§ **What you have to do**
From the listing below, set down exactly each line beginning with the one containing "Ответы к Задачи" and ending with the last.

§ **Dataset content**

*** Begin section ***

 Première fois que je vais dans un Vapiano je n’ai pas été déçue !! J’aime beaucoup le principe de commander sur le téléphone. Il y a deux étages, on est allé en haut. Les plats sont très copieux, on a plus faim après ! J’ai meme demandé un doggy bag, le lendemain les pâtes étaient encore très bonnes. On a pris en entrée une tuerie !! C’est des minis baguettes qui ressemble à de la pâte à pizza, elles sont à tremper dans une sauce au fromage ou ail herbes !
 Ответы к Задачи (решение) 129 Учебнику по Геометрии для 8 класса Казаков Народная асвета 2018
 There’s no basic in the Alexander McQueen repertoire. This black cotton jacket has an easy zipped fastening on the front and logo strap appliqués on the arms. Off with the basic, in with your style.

*** End section ***

§ **Problem solution**
 Ответы к Задачи (решение) 129 Учебнику по Геометрии для 8 класса Казаков Народная асвета 2018
 There’s no basic in the Alexander McQueen repertoire. This black cotton jacket has an easy zipped fastening on the front and logo strap appliqués on the arms. Off with the basic, in with your style.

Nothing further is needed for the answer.